More restrictions and regulations of energy markets, in the vain belief that such actions will bring price relief, are counterproductive. They will make the energy markets less efficient, rather than more so.
The pointer is from Mike Giberson, who provides more information and links to Craig’s (brilliantly named) blog, Streetwise Professor. Craig testified Friday on oil-market speculation before the US House Agriculture Committee; you can read his remarks here. And for a classic paen to speculation more generally, see Victor Niederhoffer’s classic “The Speculator as Hero.”
Note to graduate students: If you haven’t read Craig’s classic papers on bulk shipping, introducing the concept of “temporal specificity,” your education is incomplete. Check ’em out:
Pirrong, Stephen C. 1992. “An Application of Core Theory to the Study of Ocean Shipping Markets.” Journal of Law and Economics 35: 89–131.

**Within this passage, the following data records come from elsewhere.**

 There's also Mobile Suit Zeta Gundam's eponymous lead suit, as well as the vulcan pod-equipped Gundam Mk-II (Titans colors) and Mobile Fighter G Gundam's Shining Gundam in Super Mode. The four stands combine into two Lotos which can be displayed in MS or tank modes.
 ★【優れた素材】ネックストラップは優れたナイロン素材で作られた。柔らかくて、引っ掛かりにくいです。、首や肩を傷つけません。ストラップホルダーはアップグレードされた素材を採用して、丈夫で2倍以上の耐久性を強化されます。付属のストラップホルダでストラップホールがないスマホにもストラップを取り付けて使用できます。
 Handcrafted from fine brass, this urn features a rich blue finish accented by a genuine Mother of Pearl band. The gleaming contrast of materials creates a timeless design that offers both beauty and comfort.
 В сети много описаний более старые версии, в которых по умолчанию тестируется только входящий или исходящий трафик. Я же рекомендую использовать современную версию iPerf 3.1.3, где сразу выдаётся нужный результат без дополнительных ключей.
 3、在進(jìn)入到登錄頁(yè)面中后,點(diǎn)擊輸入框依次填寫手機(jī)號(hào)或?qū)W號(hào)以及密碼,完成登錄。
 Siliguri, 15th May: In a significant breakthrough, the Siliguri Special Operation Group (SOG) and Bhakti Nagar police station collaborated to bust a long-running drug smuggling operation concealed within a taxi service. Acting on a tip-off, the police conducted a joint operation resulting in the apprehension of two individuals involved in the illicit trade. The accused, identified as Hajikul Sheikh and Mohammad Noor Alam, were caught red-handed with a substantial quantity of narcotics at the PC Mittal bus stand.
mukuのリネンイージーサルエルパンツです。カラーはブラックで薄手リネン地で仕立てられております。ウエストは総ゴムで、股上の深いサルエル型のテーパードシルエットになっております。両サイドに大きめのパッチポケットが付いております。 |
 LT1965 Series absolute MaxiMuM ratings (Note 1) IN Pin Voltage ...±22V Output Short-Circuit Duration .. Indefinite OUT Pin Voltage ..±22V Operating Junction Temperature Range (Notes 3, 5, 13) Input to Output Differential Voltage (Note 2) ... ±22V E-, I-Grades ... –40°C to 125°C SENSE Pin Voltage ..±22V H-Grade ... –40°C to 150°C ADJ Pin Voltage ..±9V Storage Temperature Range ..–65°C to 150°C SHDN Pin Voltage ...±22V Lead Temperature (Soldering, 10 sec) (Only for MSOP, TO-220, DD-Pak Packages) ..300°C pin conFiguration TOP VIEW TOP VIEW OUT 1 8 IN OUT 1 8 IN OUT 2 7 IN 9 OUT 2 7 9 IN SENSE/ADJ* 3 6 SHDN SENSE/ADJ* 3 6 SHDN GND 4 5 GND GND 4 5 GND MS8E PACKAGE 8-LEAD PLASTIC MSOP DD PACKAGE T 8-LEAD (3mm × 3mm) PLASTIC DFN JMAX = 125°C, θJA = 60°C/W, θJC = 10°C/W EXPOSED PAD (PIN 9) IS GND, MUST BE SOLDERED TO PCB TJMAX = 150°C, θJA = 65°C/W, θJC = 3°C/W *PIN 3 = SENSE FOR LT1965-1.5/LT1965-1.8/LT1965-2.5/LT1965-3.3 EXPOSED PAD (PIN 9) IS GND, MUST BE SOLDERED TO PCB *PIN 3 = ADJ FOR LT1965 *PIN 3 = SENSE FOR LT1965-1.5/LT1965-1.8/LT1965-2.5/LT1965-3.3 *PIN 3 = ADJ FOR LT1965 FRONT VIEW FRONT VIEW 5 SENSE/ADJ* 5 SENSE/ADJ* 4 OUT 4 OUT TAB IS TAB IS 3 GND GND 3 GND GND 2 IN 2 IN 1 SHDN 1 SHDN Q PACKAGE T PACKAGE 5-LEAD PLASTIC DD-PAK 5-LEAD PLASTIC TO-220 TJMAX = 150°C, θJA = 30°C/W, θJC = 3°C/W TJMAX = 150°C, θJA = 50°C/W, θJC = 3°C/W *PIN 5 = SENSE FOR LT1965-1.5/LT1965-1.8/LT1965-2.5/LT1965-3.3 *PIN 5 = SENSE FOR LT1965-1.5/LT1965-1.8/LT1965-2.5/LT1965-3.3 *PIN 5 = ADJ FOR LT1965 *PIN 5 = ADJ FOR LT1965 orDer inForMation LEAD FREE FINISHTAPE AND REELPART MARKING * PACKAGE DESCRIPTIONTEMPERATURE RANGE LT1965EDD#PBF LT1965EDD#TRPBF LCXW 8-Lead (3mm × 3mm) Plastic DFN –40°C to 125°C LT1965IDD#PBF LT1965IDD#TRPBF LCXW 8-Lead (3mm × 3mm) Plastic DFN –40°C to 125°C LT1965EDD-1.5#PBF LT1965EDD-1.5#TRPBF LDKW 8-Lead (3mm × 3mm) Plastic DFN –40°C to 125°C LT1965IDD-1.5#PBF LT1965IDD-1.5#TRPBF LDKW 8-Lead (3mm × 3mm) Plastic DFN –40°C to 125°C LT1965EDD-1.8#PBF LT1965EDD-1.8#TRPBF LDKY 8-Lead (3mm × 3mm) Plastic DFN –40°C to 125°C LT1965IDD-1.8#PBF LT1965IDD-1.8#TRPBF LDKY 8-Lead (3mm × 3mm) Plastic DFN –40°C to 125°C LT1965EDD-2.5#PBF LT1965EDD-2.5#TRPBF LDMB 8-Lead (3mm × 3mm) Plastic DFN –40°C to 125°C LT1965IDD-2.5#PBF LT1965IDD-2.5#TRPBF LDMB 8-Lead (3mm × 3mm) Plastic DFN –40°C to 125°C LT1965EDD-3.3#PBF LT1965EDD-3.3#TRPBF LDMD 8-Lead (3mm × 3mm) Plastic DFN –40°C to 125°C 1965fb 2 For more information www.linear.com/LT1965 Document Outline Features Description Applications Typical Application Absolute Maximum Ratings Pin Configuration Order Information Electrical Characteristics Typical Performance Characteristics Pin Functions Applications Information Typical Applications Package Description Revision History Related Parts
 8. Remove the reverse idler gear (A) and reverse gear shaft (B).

Pirrong, Stephen C. 1993. “Contracting Practices in Bulk Shipping Markets: A Transactions Cost Explanation.” Journal of Law and Economics 36: 937–76.
Entry filed under: - Klein -, Institutions, New Institutional Economics, Strategic Management, Theory of the Firm.









1.
Craig Pirrong | 17 July 2008 at 6:12 pm
Peter–
Thanks for the links and the props–you are too kind. Re temporal specificities, Masten, Meehan, and Snyder introduced the term in 1991. I did expand on the concept in the 93 JLE paper, and showed how such specificities could create coordination problems unless markets were sufficiently “thick,” and that long term contracts or integration could economize on transactions costs in thin markets.
Thanks again, and keep up the good work on the blog.